[Mechine Learning] Active Learning

Source: Internet
Author: User

1. Write in front

Supervised learning (supervised learning), unsupervised learning (unsupervised learning), and semi-supervised learning (semi-supervised learning) in the field of machine learning (learning) are three kinds of research, the use of a wide range of learning technology, wiki on the three kinds of learning the simple description of the following:

    • Supervised learning: Through the correspondence between the input data and the output data, a function is generated to map the input to the appropriate output, such as classification.
    • Unsupervised learning: Model input datasets directly, such as clustering.
    • Semi-supervised learning: the use of a class of data and the absence of class-labeled data, to generate the appropriate classification function.

In fact, a lot of machine learning is to solve the problem of category attribution, that is, given some data, to determine which classes each data belongs to, or what other data belong to the same class and so on. Thus, if we come up with some sort of partition (clustering) of the data, we can automatically organize the data into some classes through some intrinsic properties and connections, which is non-supervised learning. If we knew from the beginning that the data contained the categories, and some of the data (training data) has been marked with the class label, we have already marked the class of the data to summarize, a "data-to-class" mapping function to classify the remaining data, which belongs to supervised learning. Semi-supervised learning refers to the fact that the training data is very scarce, and the method of improving the learning accuracy rate by using some non-class data.

2. What is active learning?

In real data analysis scenarios, we can obtain a large amount of data, but these data are unlabeled data, many classical classification algorithms can not be used directly. It would have been said that the data is not labeled, then we will mark the data! This idea is normal and simple, but the cost of data labeling is very large, in time we only labeled thousands of or tens of thousands of training data, the time and money to label data is also huge.

Before introducing the concept of active learning, let's first talk about the problem of sample information.

What is a sample information?
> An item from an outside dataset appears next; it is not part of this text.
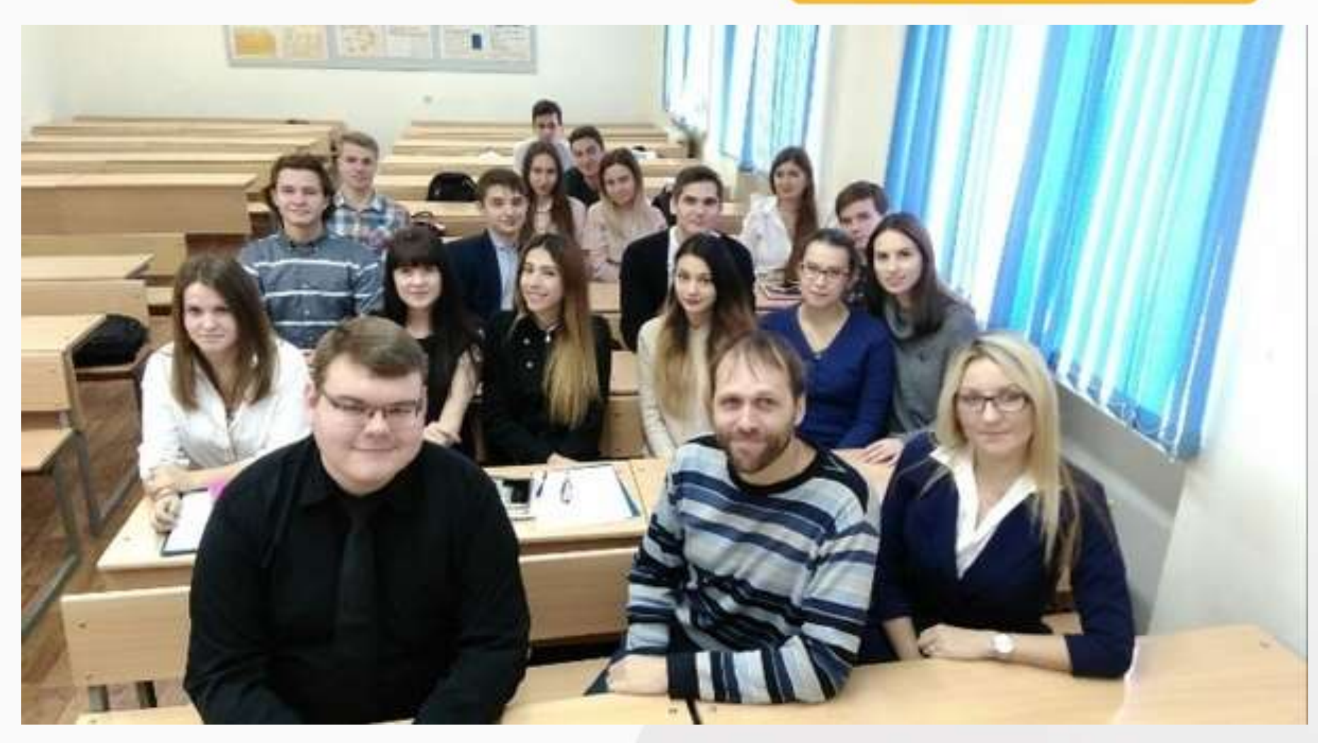
Assembly of Volgograd State University International Discussion Club (2017/15/11)

Simply put, the sample information is that in the training data set each sample to the model training information is different, that each sample for model training contribution is small, there is a difference between them.

therefore, In order to reduce the training set and labeling cost as much as possible, the active learning (active learning) method is proposed in the field of machine learning to optimize the classification model.

Active learning (active learning), refers to a learning method:

Sometimes, there is a relatively sparse class of data and no class-labeled data is quite rich, but the data are manually labeled and very expensive, at this time, the learning algorithm can proactively put forward some labeling requests , some filtered data submitted to the experts for labeling.

This screening process is where active learning is the main research.

3. The basic idea of active learning

The active learning algorithm can be modeled by the following five components:

$A = (C, L, S, Q, U) $
Where $C $ is one or a set of classifiers; the $L $ is a set of annotated sets of training samples, $Q $ as a query function for querying large volumes of samples in unlabeled samples; $U $ for the entire unlabeled sample set; $S $ is a supervisor, you can label unlabeled samples.

Active learning algorithms are mainly divided into two stages:

The first stage is the initialization stage, and the random a small part of the sample is selected, which is labeled by the supervisor, and the initial classifier model is established as the training set.

The second stage is the circular query phase, $S $ never label the sample set $U $, according to a certain query criteria $Q $, select a certain unlabeled sample for labeling, and add to the training sample set $L $, retrain the classifier until the training stop standard is reached.

The active learning algorithm is an iterative process, and the classifier trains the sample with the feedback of the iteration and improves the classification efficiency continuously.

An example of active learning:face recognition technology in QQ space Photo album

4. The difference between active learning and semi-supervised learning

Many people think that active learning is also a semi-supervised learning category, but in fact is not the same, semi-supervised learning and direct learning (transductive learning) and active learning, all belong to the use of unlabeled data learning technology, but the basic ideas are still different.

As mentioned above, active learning "active" refers to the unsolicited request for labeling, that is, the need for an external entity capable of labeling their requests (usually the relevant field of personnel), that active learning is interactive.

Semi-supervised learning, in particular, is that the learning algorithm does not require manual intervention, and is based on its own use of unlabeled data.

5. References

[1] Active Learning Wiki

[2] 2012, an overview of active learning algorithms

[Mechine Learning] Active Learning

Contact Us

The content source of this page is from Internet, which doesn't represent Alibaba Cloud's opinion; products and services mentioned on that page don't have any relationship with Alibaba Cloud. If the content of the page makes you feel confusing, please write us an email, we will handle the problem within 5 days after receiving your email.

If you find any instances of plagiarism from the community, please send an email to: info-contact@alibabacloud.com and provide relevant evidence. A staff member will contact you within 5 working days.

A Free Trial That Lets You Build Big!

Start building with 50+ products and up to 12 months usage for Elastic Compute Service

  • Sales Support

    1 on 1 presale consultation

  • After-Sales Support

    24/7 Technical Support 6 Free Tickets per Quarter Faster Response

  • Alibaba Cloud offers highly flexible support services tailored to meet your exact needs.